難易度は本当に低い?見落としがちなポイント
「暗記だけで受かる」という評判が広まっているが、これは主にスタンダードクラスの話だ。アドバンスクラスは配色理論を実際のビジネスシーン(商品企画・空間デザインなど)に当てはめて考えさせる出題が多く、丸暗記では対応しきれない設問が一定数出る。2025年度の合格率が30.7%まで下がった背景にも、この応用力を問う傾向の強まりが関係していると見られる。

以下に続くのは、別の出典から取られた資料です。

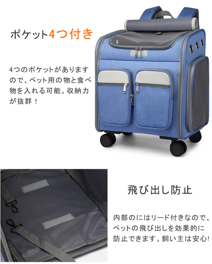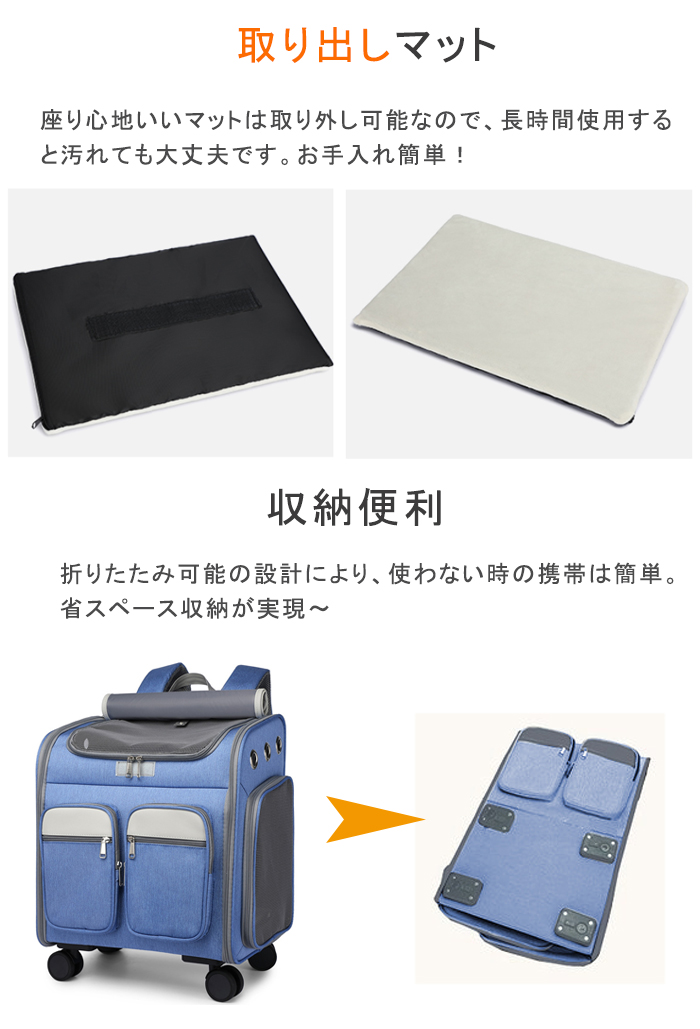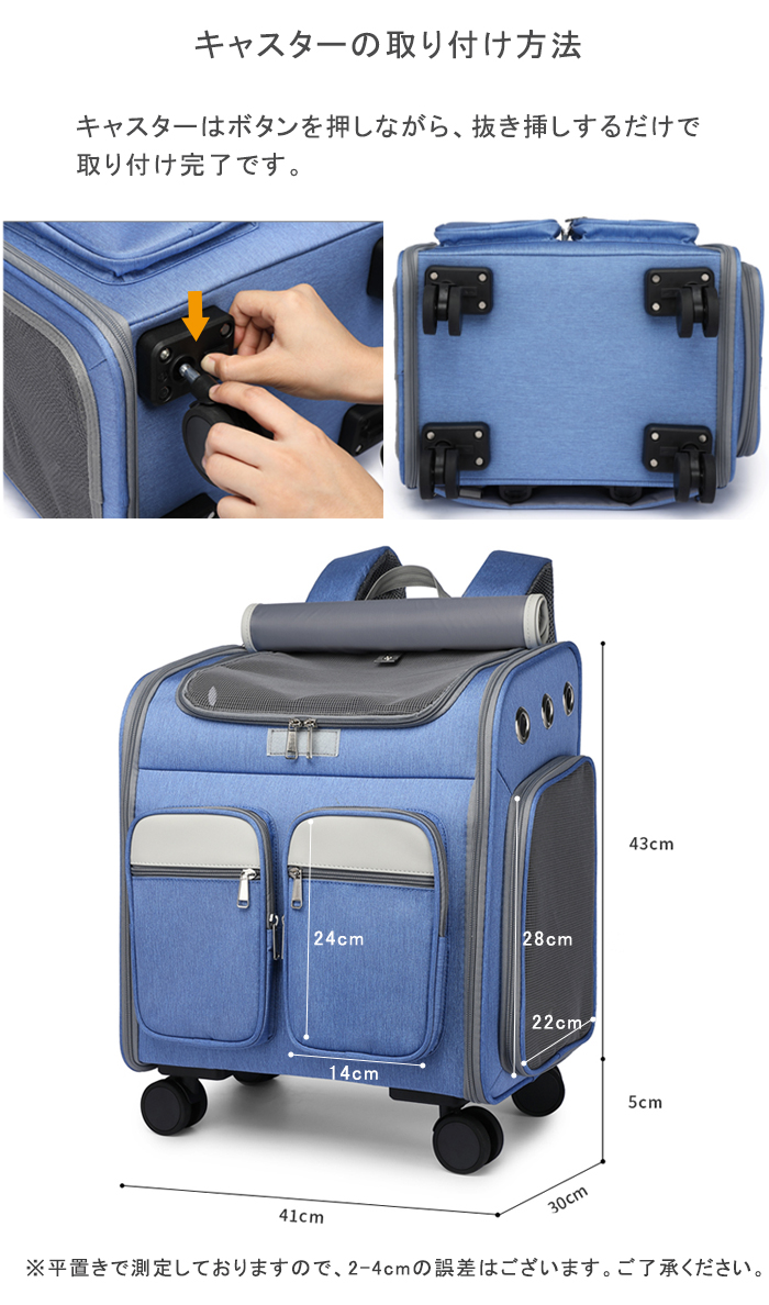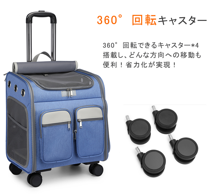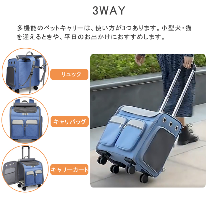 犬猫兼用のペットキャリーバッグ 3way キャスター付き 折り畳み 手提げ 両肩ショルダーペット ペットグッズ 犬用品 キャリーバッグ カート リュックキャリー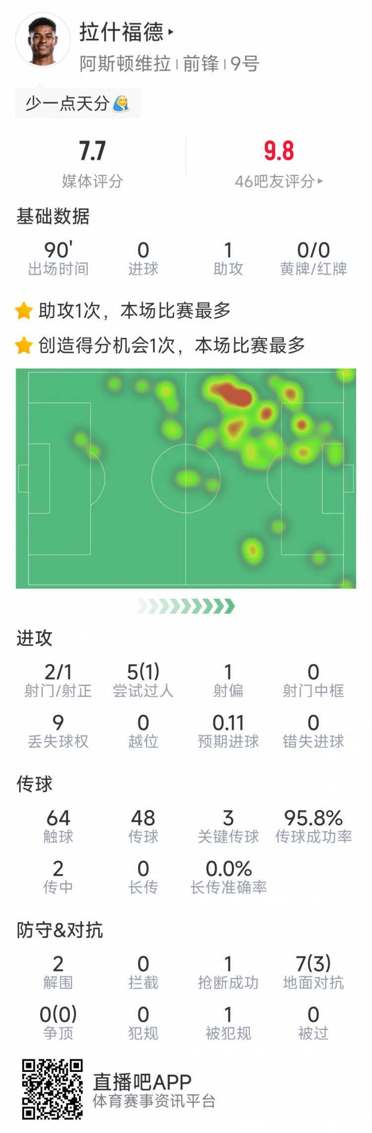 再送助攻,拉什福德本場(chǎng)數(shù)據(jù):1助攻,3次關(guān)鍵傳球,2次射門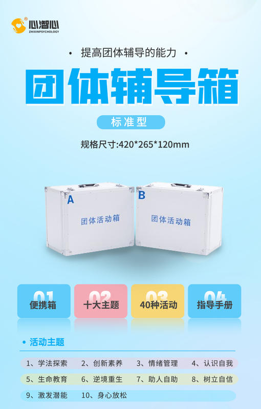 团体活动箱是帮助心理咨询师把握团体辅导的脉络、提高团体辅导的能力,解决更多团体、更多种类的心理困惑,同时让团体的每个人获得更深入、更持久的成长!
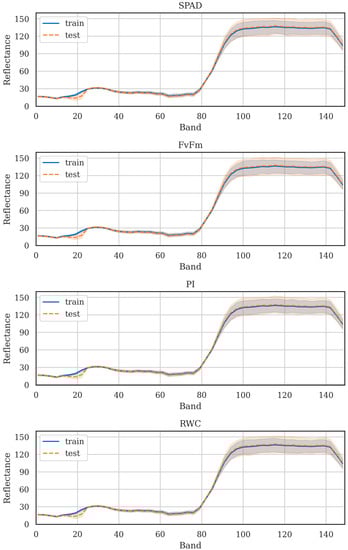Unbiased and fair validation of the emerging algorithms for the non-invasive estimation of the chlorophyll-related parameters from HSI is critical to allow the community to track the progress in the field, and to accelerate the practical adoption of such approaches. Since there are differences across the measurement methodology followed for each in situ parameter (the SPAD index, Fv/Fm, PI and RWC), we provide four separate training-test dataset splits, independently for each ground-truth chlorophyll-related parameter. Each split (i.e., for each parameter) is equinumerous, meaning that the number of plots is equal in the training and test subsets (36 HSIs with the ground-truth measurements captured for 36 separate plots of interest in both training and test sets). To be able to effectively quantify the generalization capabilities of the machine learning models trained and validated over such dataset splits, we stratified them according to the corresponding parameter’s distribution to maintain similar distributions in both training and test sets (Figure 3). The reflectance characteristics of all HSIs across all folds are rendered in Figure 4. They show that there is a high agreement in the spectral features captured for the training and test images. Hence, the test set indeed resembles the characteristics of the training data and may be used to quantify the generalizability of the data-driven algorithms.

もう一つ注意したいのが、旧制度の情報が混在したまま解説されている記事が少なくないことだ。「1級を取ればファッション色彩の専門家」といった説明は現行の試験制度には存在しない。受験案内を読む前に、まず現行制度がスタンダード・アドバンスの2クラスであることを確認しておくと、教材選びで遠回りをせずに済む。
合格に必要な勉強時間と学習ステップ

東商が示す目安は50〜100時間。田中さんの場合は平日30分・休日2時間のペースで、実働はおよそ70時間だった。
- 1ヶ月目:公式テキストを通読し、色相・トーン・配色技法など基礎用語を頭に入れる
- 2ヶ月目:過去問題集を1周し、間違えた分野だけノートにまとめて弱点を可視化する
- 3ヶ月目:過去問を2周目以降は時間を計って解き、90分の配分感覚を体に覚えさせる
順調に見えるが、2ヶ月目の途中で子どもの体調不良と仕事の繁忙期が重なり、2週間ほど問題集を開けない時期があったという。「そのまま受験を諦めかけたが、範囲を絞って過去問だけ回す方式に切り替えたことで、なんとか本番までに間に合わせられた」と田中さんは振り返る。結果はスタンダードクラス78点、合格基準の70点を8点上回っての合格だった。
スタンダードとアドバンス、どちらを受けるべきか
初めて受験するなら、まずスタンダードを選ぶのが妥当だ。色の基礎知識を体系的に学び直したい人、接客や事務でとっさに色の説明ができるようになりたい人にはスタンダード単独でも十分な効果がある。
一方、商品企画・空間デザイン・Webデザインなど「配色を提案する」立場で仕事をしている、またはその職種への転職を考えているなら、アドバンスまで見据えたい。合格率30.7%という数字だけを見ると身構えてしまうが、スタンダードで基礎を固めた状態で臨めば、ゼロから対策するよりも負担は小さい。田中さんも合格後に「次はアドバンスに挑戦してみたい」と話しており、段階を踏むルートは無理がない。
色彩検定との違い
色彩検定は文部科学省後援の資格で、ファッション・美容分野での配色知識に強みがある。対してカラーコーディネーター検定は東京商工会議所主催で、商品開発や販売、空間デザインなどビジネス実務での色彩活用に重点が置かれている。どちらも「色」を扱う資格だが、想定する活用シーンが異なるため、目的に応じて選ぶか、両方を段階的に取得するのも選択肢になる。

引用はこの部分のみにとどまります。